Wait — let’s check carefully.
From diagram:
- −1 → −1 (only one)
- 0 → 1 and 2 → two outputs for same input
- 2 → 3 and 4 → again, two outputs
So input 0 has two outputs, and input 2 has two outputs.
✘ Answer: NOT a function
---
#6: Graph (Grid with points)
Points shown: (−2, 1), (−1, 2), (0, 3), (1, 4), (2, 5)
- These form a straight line.
- All x-values are distinct.
- Vertical line test passes.
✔ Answer: FUNCTION
---
#7: Table
```
x | y
1 | 1
2 | 2
3 | 4
3 | 4
```
- x = 3 appears twice, but both times y = 4 → same output.
- So even though it repeats, it's still one output per input.
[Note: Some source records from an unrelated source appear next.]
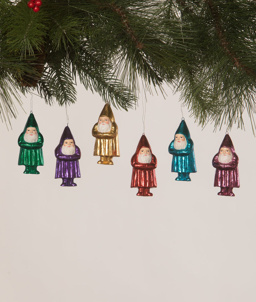 This amethyst metallic foiled Belsnickle Santa ornament is the perfect addition to your Christmas tree. Hand-painted resin with metallic leafing. 1" X 1" X 3". TD2195.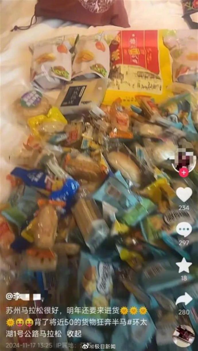 實際搜索網路發現,疑似「薅羊毛」的參賽者不少,一名暱稱「李粉X」的網友就透過短視頻帳號發布參賽經歷,並配文「蘇州馬拉松很好,明年還要來進貨」。只見她將大量餅乾、蛋糕、芒果乾等零食放在床上,幾乎鋪滿了整個床單,目測有上百樣之多,甚至說「好辛苦啊,背了有40多斤(約20公斤)吧!」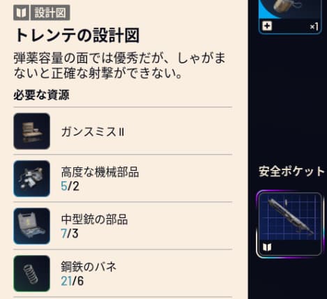 上の画像の箱からトレンテ(武器)の設計図がでました。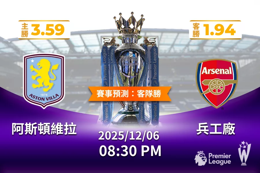 英超 | 阿斯頓維拉 vs 兵工廠 2025 年 12 月 06 日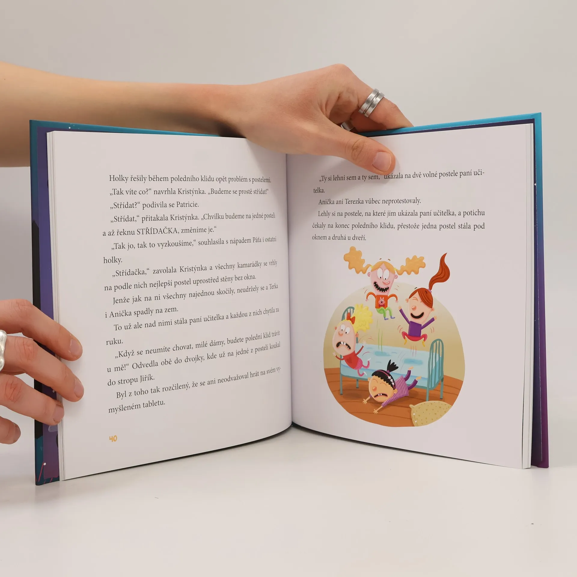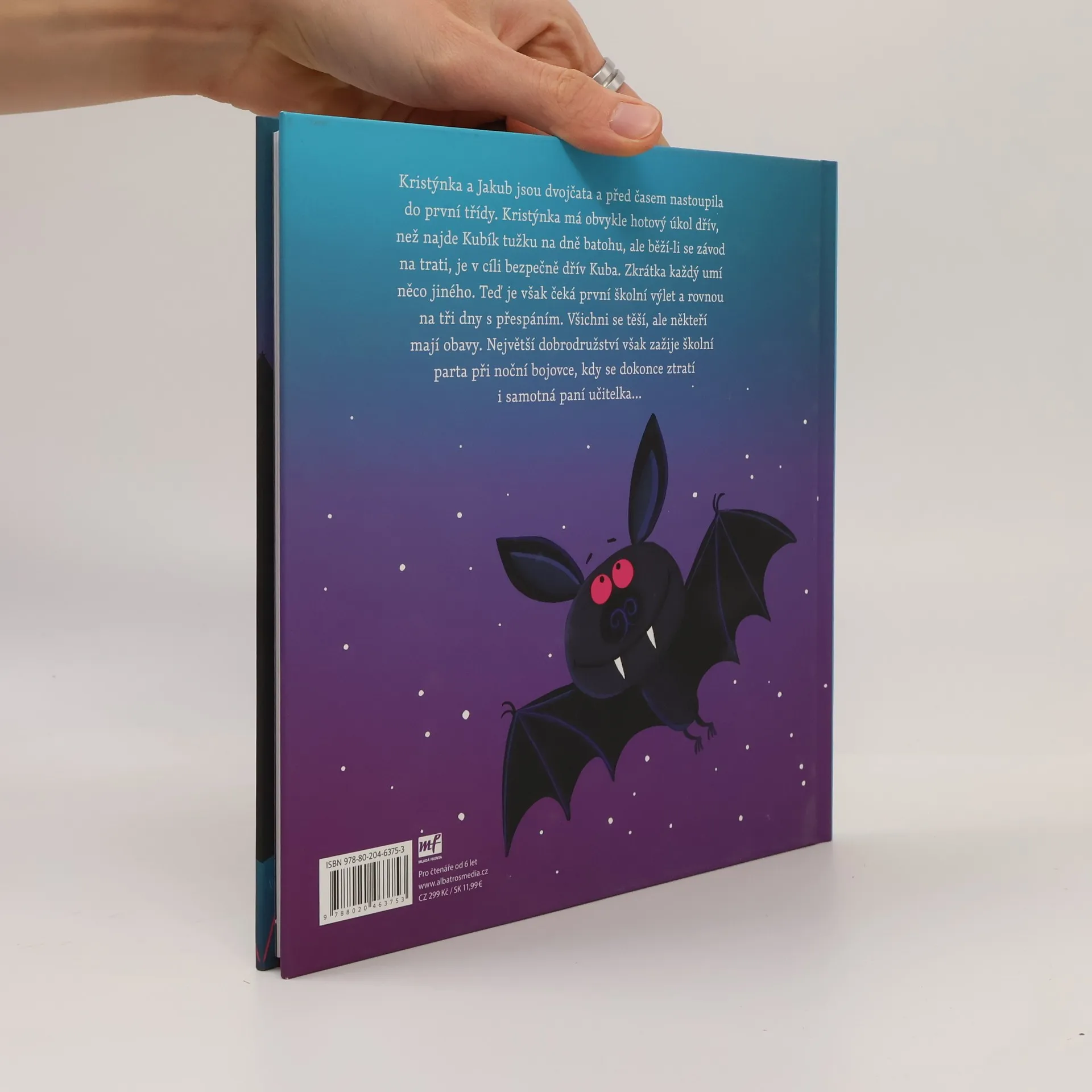 Kristýnka a Jakub jsou dvojčata a před časem nastoupila do první třídy. Kristýnka má obvykle hotový úkol dřív, než najde Kubík tužku na dně batohu, ale běží-li se závod na trati, je v cíli bezpečně dřív Kuba. Zkrátka každý umí něco jiného. Teď je však čeká první školní výlet a rovnou na tři dny s přespáním. Všichni setěší, ale někteří mají obavy. Největší dobrodružství však zažije školní parta při noční bojovce, kdy se dokonce ztratí i samotná paní učitelka...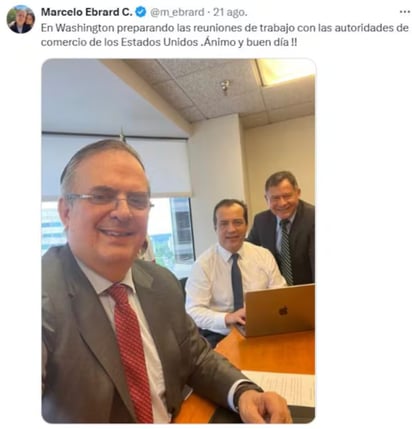 El pasado 21 de agosto, el titular de Economía Marcelo Ebrard informó que se encontraba en Washington como parte de las reuniones de trabajo con las autoridades de comercio de Estados Unidos.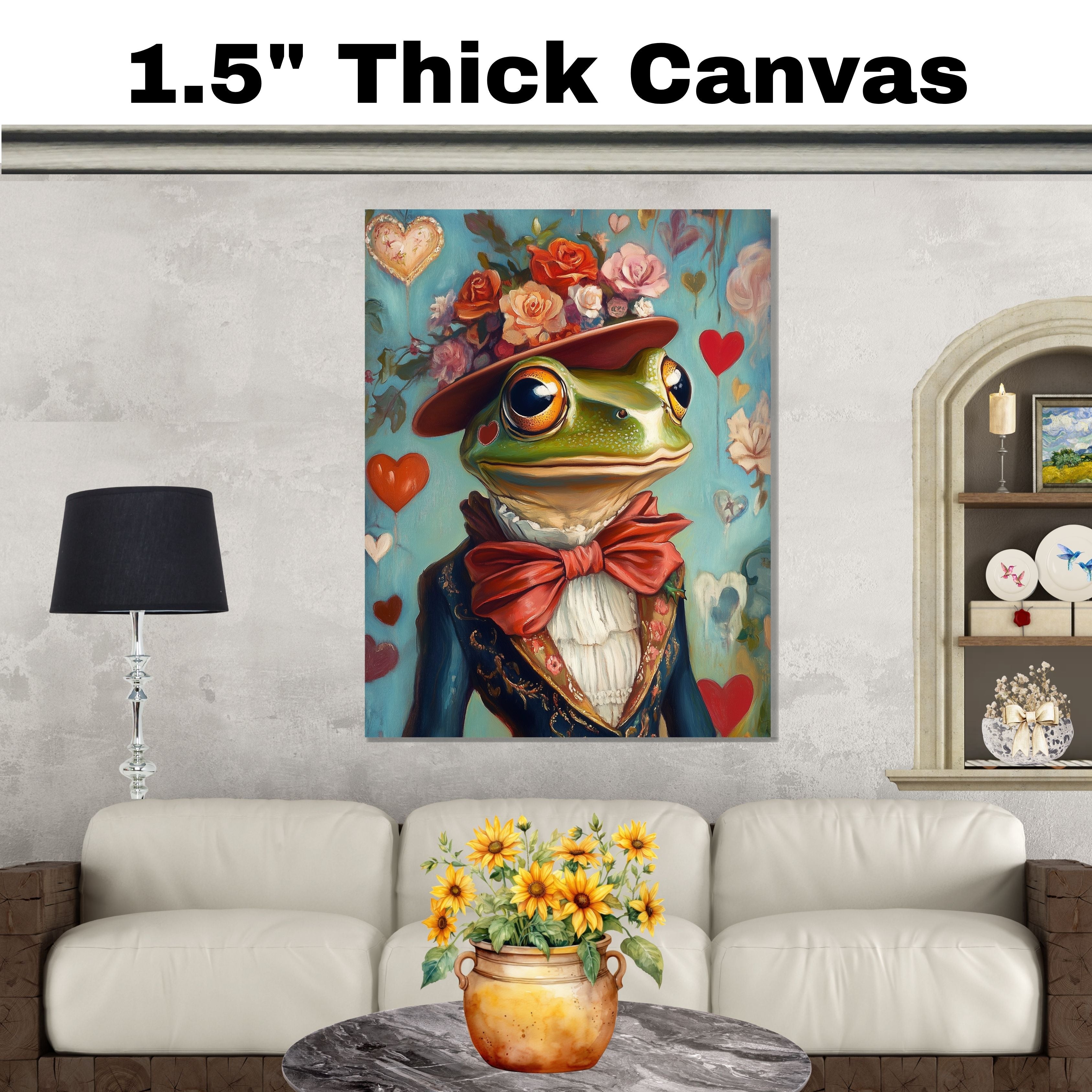Whimsical Romance Canvas Wall Decor Our "Whimsical Romance" Canvas features a charming green frog dressed in a...

- The definition allows multiple entries as long as the mapping is consistent.
✔ Answer: FUNCTION
(Note: Duplicate rows are okay if they represent same input-output pair.)
---
#8: Set of ordered pairs
{(1,1), (1,2), (2,1), (2,2)}
- Input 1 → outputs 1 and 2 → two outputs
- Input 2 → outputs 1 and 2 → two outputs
So multiple outputs for same input → violates function rule.
✘ Answer: NOT a function
---
#9: Mapping Diagram
Input: 1, 2, 5
Output: 2, 3, 5
Arrows:
- 1 → 2
- 2 → 3
- 5 → 5
Each input has exactly one output.
✔ Answer: FUNCTION
---
#10: Set of ordered pairs
{(4, −2), (4, −1), (1, 1), (4, 2)}
- Input 4 appears three times: outputs −2, −1, 2 → multiple outputs for x=4
- So one input → multiple outputs
✘ Answer: NOT a function
---
#11: Table
```
x | y
0 | 2
−1 | 1
−2 | 3
0 | −2
2 | −4
```
- x = 0 appears twice: first with y=2, then y=−2
- So input 0 has two different outputs → not a function
✘ Answer: NOT a function
---
#12: Graph (Wavy Curve)
Looks like a sine wave or oscillating curve.
- Use vertical line test: Draw a vertical line anywhere — it will cross the graph at multiple points (e.g., multiple y-values for same x).
→ So fails vertical line test
✘ Answer: NOT a function
---
✔ Final Answers Summary:
| # | Is it a Function? |
|---|-------------------|
| 1 | ✘ No |
| 2 | ✔ Yes |
| 3 | ✔ Yes |
| 4 | ✔ Yes |
| 5 | ✘ No |
| 6 | ✔ Yes |
| 7 | ✔ Yes |
| 8 | ✘ No |
| 9 | ✔ Yes |
|10 | ✘ No |
|11 | ✘ No |
|12 | ✘ No |
---
🔍 Key Takeaways:
- Function: Each input has only one output.
- Not a function: If any input has more than one output.
- For graphs, use the vertical line test.
- For tables/mappings, check for duplicate inputs with different outputs.
Let me know if you'd like this formatted as a printable answer sheet!
Parent Tip: Review the logic above to help your child master the concept of function or not a function worksheet with answers.